Detection of EGFP in TG of rabbits latently infected with LAT-EGFP and ΔLAT-EGFP. Rabbits were bilaterally ocularly infected with the HSV-1 McKrae strain-derived mutant LAT-EGFP or ΔLAT-EGFP (2 × 10⁵ PFU/eye) without corneal scarification as described in Materials and Methods. Sixty days postinfection, the rabbits were euthanized and the TG were removed. As described in Materials and Methods, frozen TG sections were prepared and the presence of EGFP was determined, without additional manipulation, by immunofluorescence microscopy. Representative results are shown. (A) TG from a rabbit latently infected with LAT-EGFP; (B) TG from a rabbit latently infected with ΔLAT-EGFP; (C) TG from an uninfected rabbit. Panel C is slightly overexposed compared to panels A and B to confirm the lack of EGFP fluorescence. The arrows indicate neurons that were scored positive for EGFP.

FIG. 3

Quantitation of EGFP-positive neurons in TG of rabbits latently infected with LAT-EGFP or ΔLAT-EGFP. (A) Total EGFP-positive neurons. TG from rabbits latently infected with LAT-EGFP (one TG from each of 8 rabbits) or ΔLAT-EGFP (one TG from each of 11 rabbits) were sectioned and examined for EGFP-positive neurons as described in Materials and Methods. In the ΔLAT-EGFP group, 20,858 neurons were examined for EGFP on 68 sections from 11 TG (average of 6.2 sections/TG). In the LAT-EGFP group, 12,070 neurons were examined for EGFP on 49 sections from 8 TG (average of 6.1 sections/TG). P for the number of EGFP-positive neurons in TG from LAT-EGFP versus ΔLAT-EGFP latently infected rabbits was determined by the Student t test. (B) Percentage of EGFP-positive neurons per TG. Each point represents the percentage of EGFP-positive neurons in a single TG. The horizontal bars indicate the means for each group. P was determined by the Mann-Whitney rank sum test.

FIG. 4

Distribution of EGFP-positive neurons in sections from individual TG. The percentage of EGFP-positive neurons in each of the sections from the 19 TG in Fig. 3 is shown. Each point represents the percentage of EGFP-positive neurons on a single section. Each vertical collection of points represents a single TG. The horizontal bars indicate the mean for each TG. For ease of comparison, the TG are arranged in order from the lowest to the highest percentage of EGFP-positive neurons.

FIG. 5

Replication of LAT-EGFP and ΔLAT-EGFP in rabbit eyes.
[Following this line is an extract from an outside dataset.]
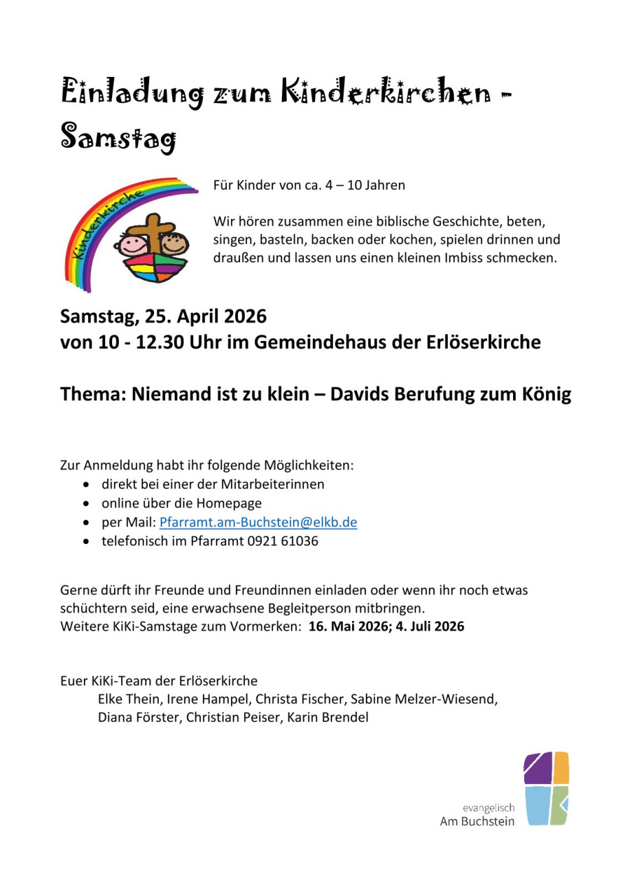 Herzliche Einladung zum nÀchsten Kinderkirchensamstag am Samstag, den 25. April von 10.00 -12.30 Uhr im Gemeindehaus der Erlöserkirche.
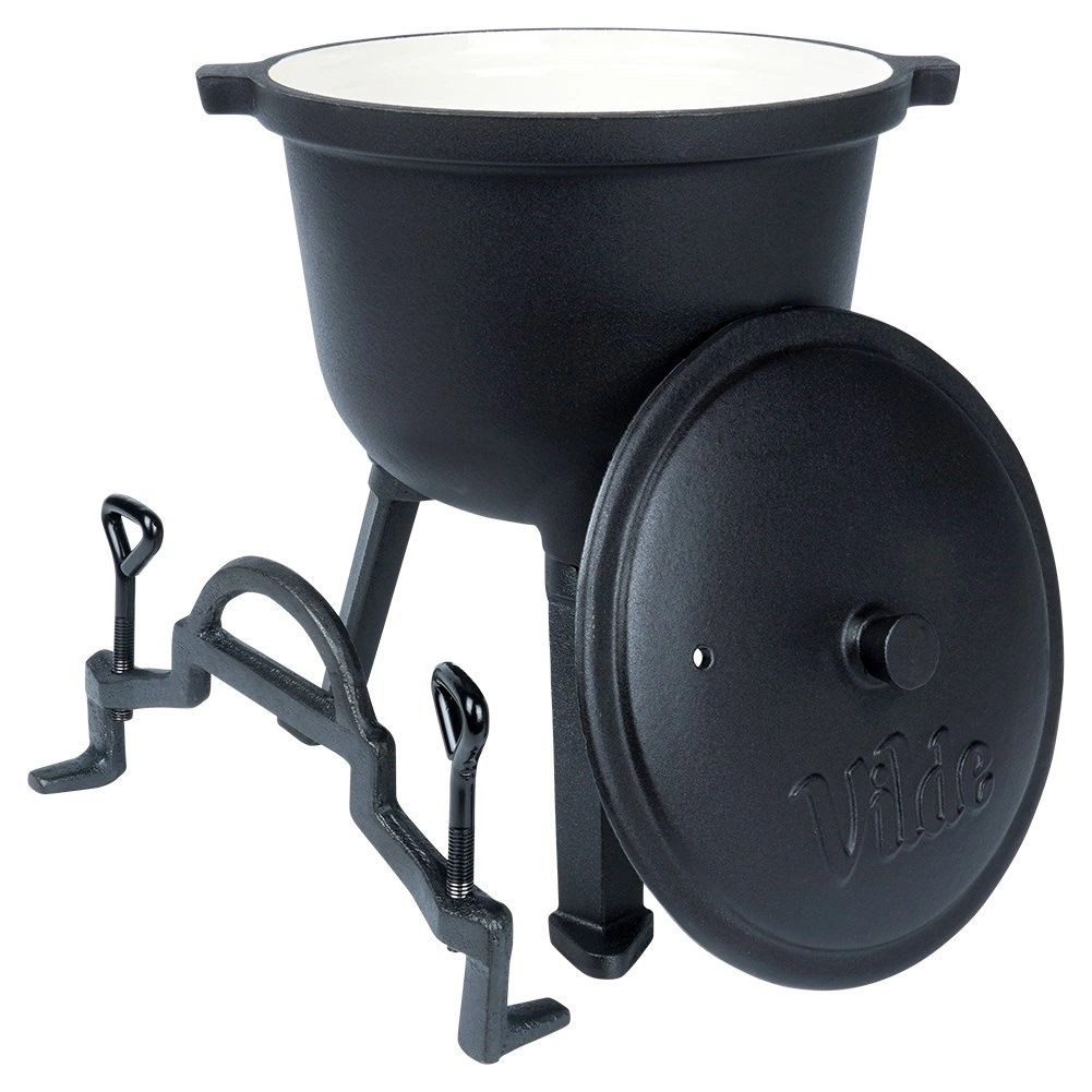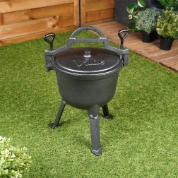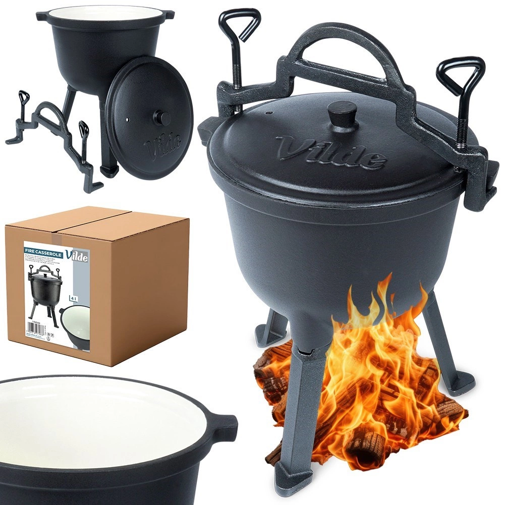 Ce chaudron durable en fonte noire avec intérieur émaillé beige retient et transmet uniformément la chaleur, pour des plats plus rapides, juteux et aromatiques. Grâce à ses trois pieds stables, il est sûr à utiliser au-dessus d’un foyer ou de braises. Convient pour cuire, rôtir, mijoter et frire en plein air.

Rabbits were ocularly infected, and tear films were collected at the times shown as described in Materials and Methods. The amount of virus recovered from individual eyes was determined by plaque assays on RS cells. Each point is the mean ± standard deviation of five eyes (one per rabbit). P.I., postinfection.

FIG. 6

Serum neutralizing antibody in rabbits 60 days postinfection. Rabbits were infected as described for Fig. 5. Serum was collected 60 days postinfection (>30 after latency had been established). HSV-1 neutralizing antibody titers were determined on individual serum samples as described in Materials and Methods. Each point represents the reciprocal of the neutralizing antibody titer for one serum sample. The horizontal bars and numbers show the mean neutralizing antibody titer. P values were determined by the Student t test.